More warnings over precarious state of SANDF

July 26, 2017

 

Defence experts, academics and the Department of Defence (DoD) are issuing warnings over the precarious state of the South African National Defence Force (SANDF) and how a lack of funding is compromising its capabilities.

Secretary for Defence Dr Sam Gulube said earlier this month that “We’re in a difficult situation now whereby we no longer have adequate funding to ensure that we have the necessary numbers of soldiers to defend our country’s borders. Our borders continue to remain porous.”

With the defence budget standing at .8% of GDP and shrinking in real terms, and an effective R5 billion reduction looming over the next five years, Gulube said “The resources available to the SANDF are no longer adequate to ensure that the territorial integrity of our country is adequately secured.”

"The defence force capabilities are now on a decline... In terms of our assessment, we need 22 companies to safeguard our borders effectively, but because of our reductions we can only deploy 15."

Defence analyst Helmoed Romer Heitman, in a recent interview with the Sunday Times, said that the target of 2% of GDP spent on defence is realistic over the medium term and would do the job government wants the defence force to do.


He said the current R48.6 billion SANDF/DoD budget is not value for money as we are paying too much for border guarding and too little to do the regional job, yet the borders are porous. “It’s a problem. We also don’t’ what flies over the border. We don’t have the radar coverage. We don’t know what comes over the beach, either.”

Heitman said the SANDF should be scaled back under the current budget, starting with administrative and support services. “There are lots of people pushing paper on desks. We can also scale back in the air force and navy. We have too many generals in administrative posts, and too many in three-star posts that used to be one-star posts.” However, he cautions that cutting too much would result in thousands of people without jobs, which is something any government would not like to look at. 

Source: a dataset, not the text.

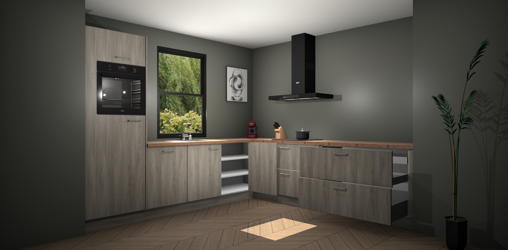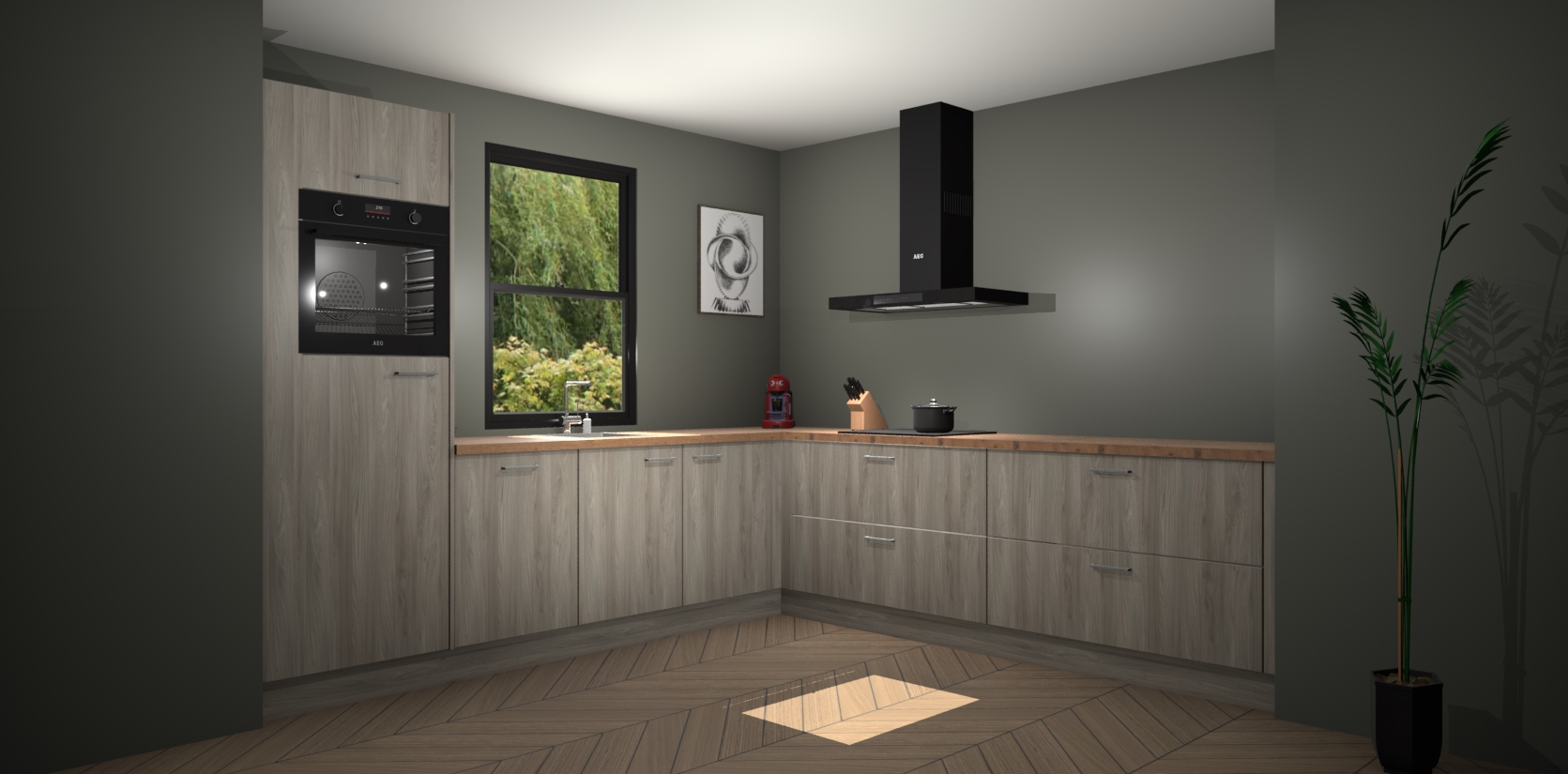 Welkom bij de olm keuken Lublin. Deze prachtige keuken zal de komende jaren het middelpunt van de belangstelling in uw huis zijn. Uitgerust met vijf inbouwapparaten komt u nooit kookgereedschap tekort. Bovendien geeft de warme houtlook elke ruimte een uitnodigende en tijdloze uitstraling.

Ideally, Heitman believes government should scale back its ambitions or find the money to pay for the SANDF, or the defence force fades away to sheltered employment, or implodes. This has happened to some extent, he said, with a lot of the good people going and a lot of young officers leaving because they don’t see a future. “We've lost capabilities that are critical.”

The SANDF is implementing some measures to address the funding shortfall, such as repairing vehicles internally, trimming the wage bill, implementing elements of the Defence Review and attempting to get United Nations peacekeeping reimbursements paid directly to the DoD. 

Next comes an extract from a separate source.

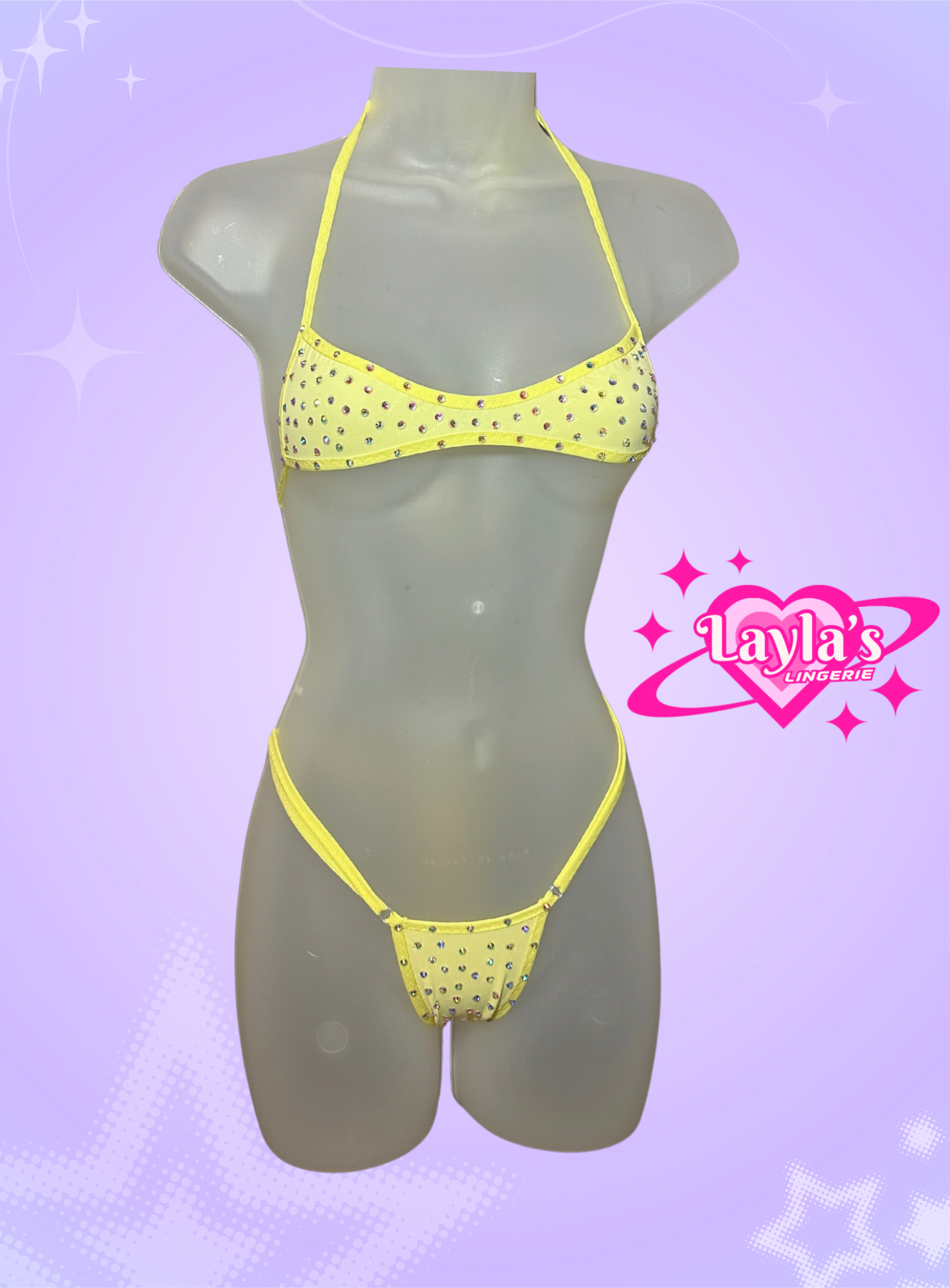 Yellow two piece set with a unique- shaped top and thong bottoms.

Associate Professor of Strategy at the Stellenbosch University’s Faculty of Military Science, Abel Esterhuyse, recently said that the problem is not in the size of the budget; the problem is how that budget is divided. “A bigger defence budget is not the solution. Almost every problem in the SANDF is personnel related… Searching for the solution in the budgetary domain is the easy way out.”

Esterhuyse said the SANDF should not place hope in the rollout of the Defence Review as it was “drafted without considering the costs and threats facing the country,” nor should it expect an increase in funding. “It needs to accept the reality that it is not to receive a cent more than what’s already allocated. For the foreseeable future, defence spending will remain at about 1% of GDP. South Africa cannot afford the 2% of GDP that’s accepted for defence spending across the world.”

Esterhuyse believes the SANDF will struggle to avoid the tasks its political masters give it in spite of dwindling funding that makes it difficult to carry out these tasks as it is an element of foreign policy. “For the SANDF, these realities unfold along the lines of a need to be everything for everybody, with little strategic guidance and priorities forthcoming from the political domain.”

“Generals, functioning in a self-sanctioning institutional culture of misplaced political loyalty, stretch the defence capacity to please their political masters. In the process, they oversee the breakdown of the institution they command, because there are limits to what a defence force can do.

“Politicians don’t necessarily understand the borders of these limitations and, if not clearly outlined, this may have disastrous consequences for the military as an institution,” Esterhuysen said in an opinion piece.

Esterhuyse, like Heitman, believes the SANDF should be allowed to do only what it can with the current budget, or its budget increased to match its commitments. Regardless, Esterhuyse believes the SANDF spends too much on personnel and is burdened by looking after military veterans, and needs to start by solving these problems.